The Foundation for Attachment Repair: The 3 Pillars
The Ideal Parent Figures (IPF) Protocol (aka: IPF Meditation) is one of the 3 pillars of attachment repair, used to heal attachment wounds — as described by Harvard psychologists David S. Elliott and Daniel P. Brown in the textbook Attachment Disturbances in Adults: Treatment for Comprehensive Repair.
Pillar 1 employs a conversational guided meditation — a back-and-forth collaboration between the participant and therapist — as the participant deeply relaxes, imagining themselves as a young child having vivid, nurturing experiences with ideal parent figures that embody the ten ingredients of attachment security, and respond according to the participants attachment needs.
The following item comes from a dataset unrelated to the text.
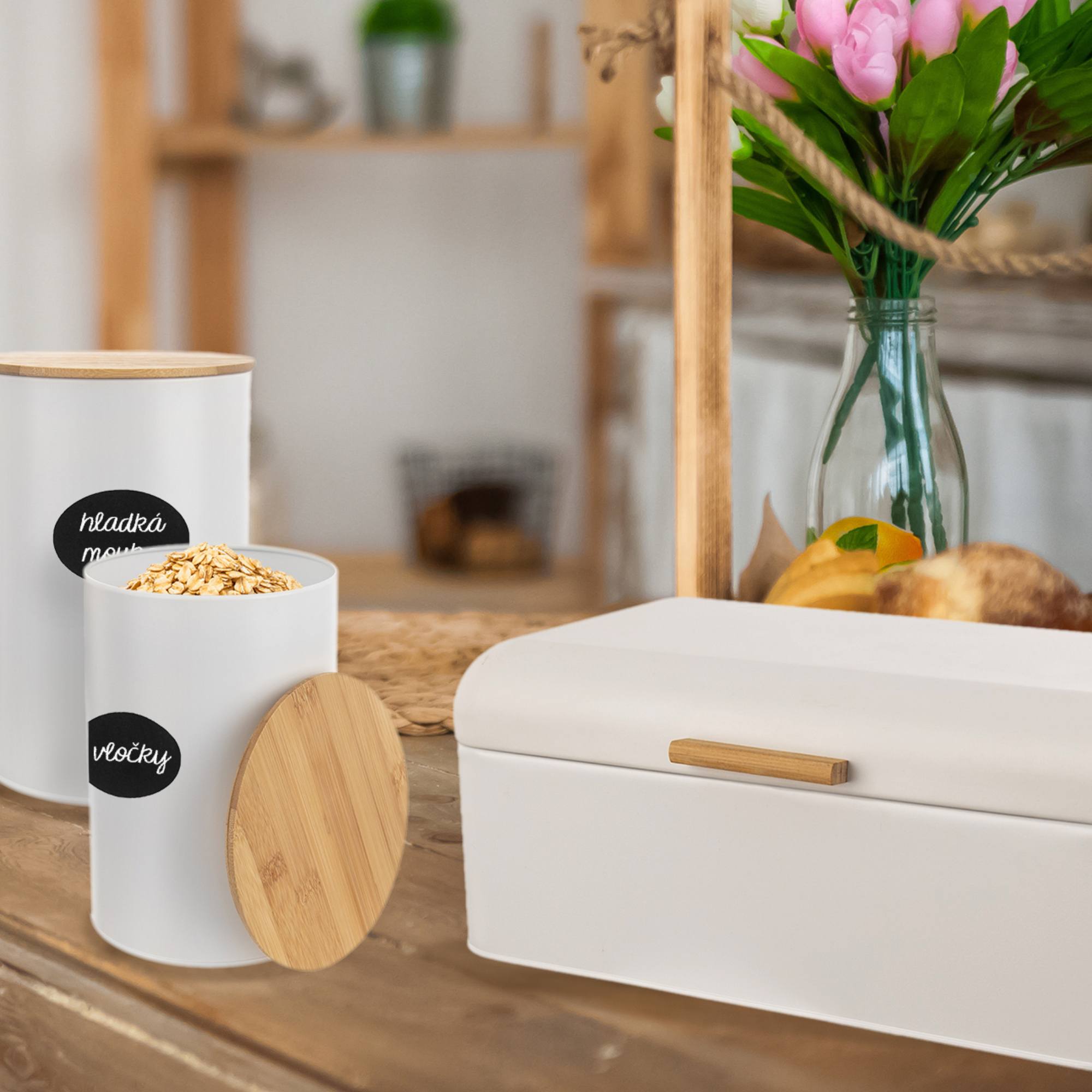 Biela plechová nádoba na chlieb WHITELINE sa stane jednoduchým a pritom štýlovým riešením, kam ukladať čerstvé pečivo. Pôsobí dominantne na rustikálnej aj minimalisticky riešenej kuchynskej linke alebo komode, kde je treba mať po ruke pečivo. V nádobe na chlieb neoschne a nestvrdne, navyše ho ochráni pred dotieravým hmyzom. Má výklopné veko s bambusovou rukoväťou.

Pillar 2 develops the participants Metacognition or Mentalizing capacity (similar to Vipassana Meditation), and Pillar 3 provides a practical understanding of the nature of collaborative and secure relationships. The three approaches weave together in each session, with an early emphasis on collaboration.
Early research shows a shift into attachment security after 35-50 hours of IPF Meditation with a provider who shares session recordings for between-visit listening. Attachment Security was measured using the AAI (Adult Attachment Inventory).
Therapeutic models are considered effective with a treatment effect size of 0.8. The treatment effect size of IPF guided-meditation is 6.23 (Cohen).

The Three Pillars Model
Comprehensive education on the model that heals anxious-proccupied, dismissing, and disorganized attachment is available within the 2016 textbook by Daniel P. Brown and David S. Elliott, Attachment Disturbances in Adults: Treatment for Comprehensive Repair (752 pages)
01.
IPFP Meditation
Imagine feeling yourself as a young child and engaging with ideal parent figures (IPFs) who are securely attached.
02.
Metacognition
Enhance Metacognition and Mentalizing. (Similar to Mindfulness Meditation.)
03.
Collaboration
Focus on collaborative verbal and non-verbal communication to promote secure attachment.
More Effective
Avoids Trauma Processing
The 3 Pillars Model sometimes resolves trauma without processing it — a gift because “trauma processing” can re-traumatize those with disorganized attachment.
Resolves Insecurity
Along with supporting a move into secure attachment (as measured by the AAI), the model can be used prior to trauma processing to resolve attachment insecurity.